Бекасов бросился под ноги второму и свалил его. Тот оказался дюжим верзилой и сопротивлялся отчаянно, но ему мешала катушка с кабелем на спине, да и не так легко было устоять против широкоплечего Бекасова, хотя боролся тот одной рукой, потому что другой крепко зажал немцу рот.

А тут еще подоспел Фоминых, и через минуту телефонист лежал со связанными руками, с кляпом во рту и с забинтованным подбородком — словно у него болели зубы.

Немец лежал на снегу и тяжело дышал. Он долго артачился, никак не хотел подыматься на ноги и идти с разведчиками. Он уже понял, что его обязательно хотят взять живьем, что его жизнью дорожат, а потому начал капризничать и упираться.

Бекасов нарочно громко заговорил с Фоминых. Он не видел лица немца, но по тому, как тот перестал сопеть и насторожился, убедился, что он кое-что понимает по-русски.

— Пожалуй, придется фрица прикончить, — внятно, повысив голос, сказал Бекасов. — В куклы с ним, что ли, играть?

Пленный тотчас же послушно вскочил на ноги.

Так они и двинулись в обратный путь — впереди всевидящий, не признающий компаса Фоминых, за ним на поводу немец со связанными руками, сзади Бекасов.

Ночь такая темная, что не видно снега под ногами, не видно кисти руки, протянутой вперед. Но Фоминых обладал кошачьим зрением, он шел быстро, уверенно. Никто не мог сравниться с ним в искусстве ходить и воевать ночью.

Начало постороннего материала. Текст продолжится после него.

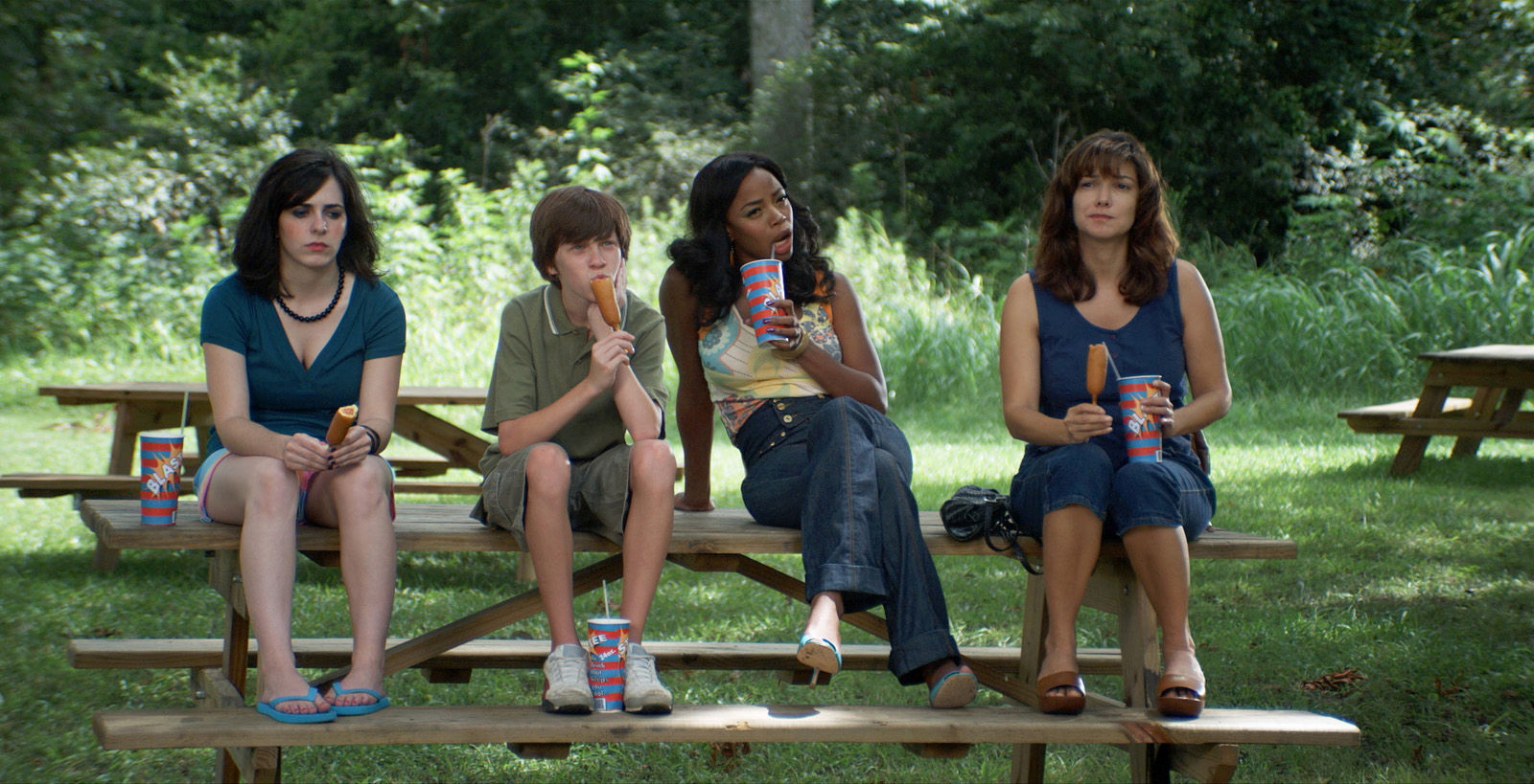 Tabby (Ashley Duggan Smith), Little Pete (Christopher Newhouse), Imogene (Jill Marie Jones), and Anora (Laura Harring) eat corn dogs.
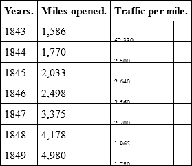"The subjoined table exhibits the number of miles opened at Michaelmas in seven consecutive years, and the average traffic per mile during the first nine months in each year: —

Когда немец слишком громко сопел или шаркал ногами, Бекасов призывал его к порядку легким подзатыльником.

«Язык» был доставлен, как выразился Фоминых, «в исправном виде» и сдан капитану «на ходу», даже с катушкой кабеля в пунцовой обмотке. Катушку пленный так и приволок на спине — «зачем же пропадать добру?».

В блиндаже Квашнина при свете «летучей мыши» Бекасов мог наконец как следует разглядеть немца. Бекасов спросил у переводчика, как зовут немца, и записал имя в книжечку. Он вел список своих «языков», и все они значились под именами: Курт, Вилли, Рихард, еще один Курт, Фриц, Хельмут, Михель, Адольф и еще один Рихард.

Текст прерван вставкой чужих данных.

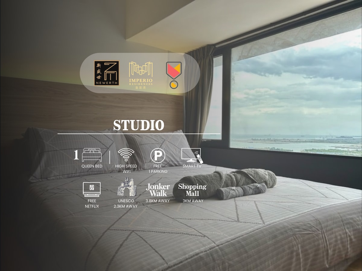 —Studio— Imperio Residence -Cosy Room with bathroom and Bathtub -Adjustable cold/hot water -Queen bed x1 -Pillow x2 -Wardrobe -Make up table with mirror -Air-Conditioned -High Speed Wifi -YouTube & Netflix -Sea View -High Floor *Paid parking HOURLY Upon reservation confirm, we need below information to be provided. The details are needed to submit to condominium management. 1. Full name: 2. IC/Passport Number: 3. Contact number: 4. Vehicle number(If Any): 5. Check-in Time(>3pm):
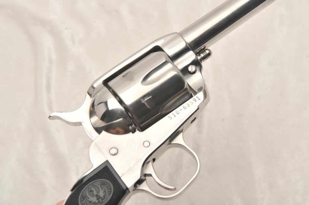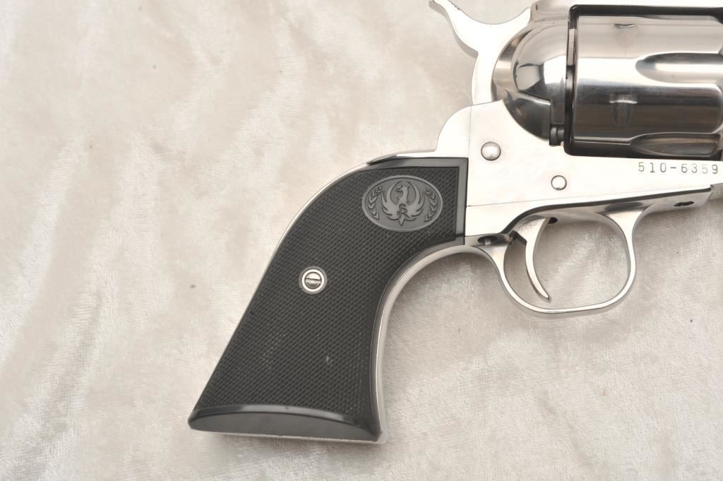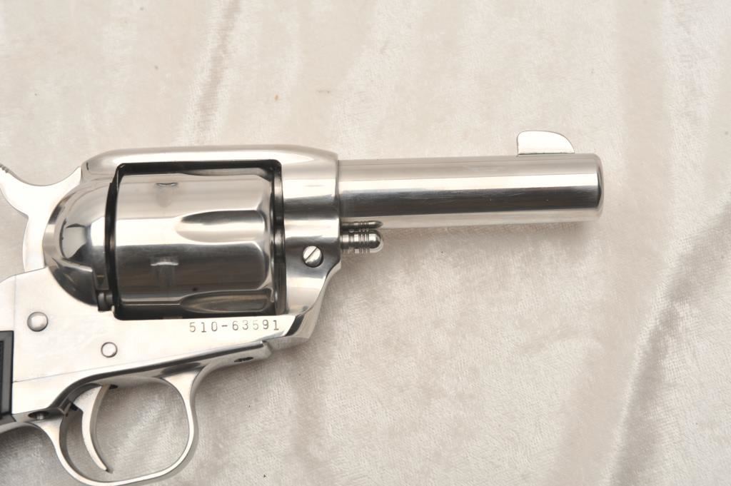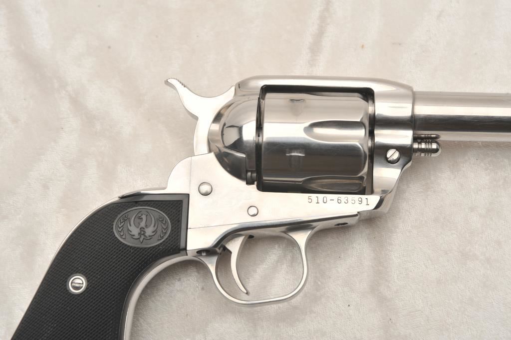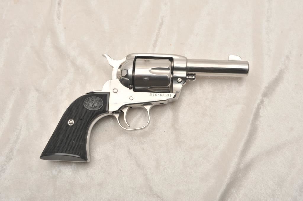 Ruger New Vaquero, #510-63591, .357 Mag, 3" barrel, stainless, fixed sights with hard rubber logo grips. Revolver is in very good to near excellent condition overall, excellent action, fine bore, very good grips. Shows just minimal handling marks. (Modern) Est. $400-800

Бекасов, выяснив, что немца зовут Карлом, потерял к нему всякий интерес. Все равно, кроме «капут», «цурюк» и «хенде хох», Бекасов не понимал по-немецки ни слова.

Капитан Квашнин протянул Бекасову документы, ордена и пошутил:

— Ох, боюсь я, что придется вам в третий раз гимнастерку дырявить.

Бекасов сделал вид, что не понимает, о чем идет речь, и собрался уходить. Ему бы уже давно пора собраться и уйти, но он все медлил, мялся и, наконец набравшись духу, сказал:

— Мы там, в доме отдыха, пять суток не дожили. Так что, если требуется, можем вернуться.

— Это совсем не обязательно. Еще за наказание примете.

— Да мне-то все равно, но вот моя группа обеспечения обижается, что я ему курорт испортил.

— Ну что же, пошлем одного Фоминых, если вы отказываетесь, — сказал капитан, с трудом удерживаясь от смеха.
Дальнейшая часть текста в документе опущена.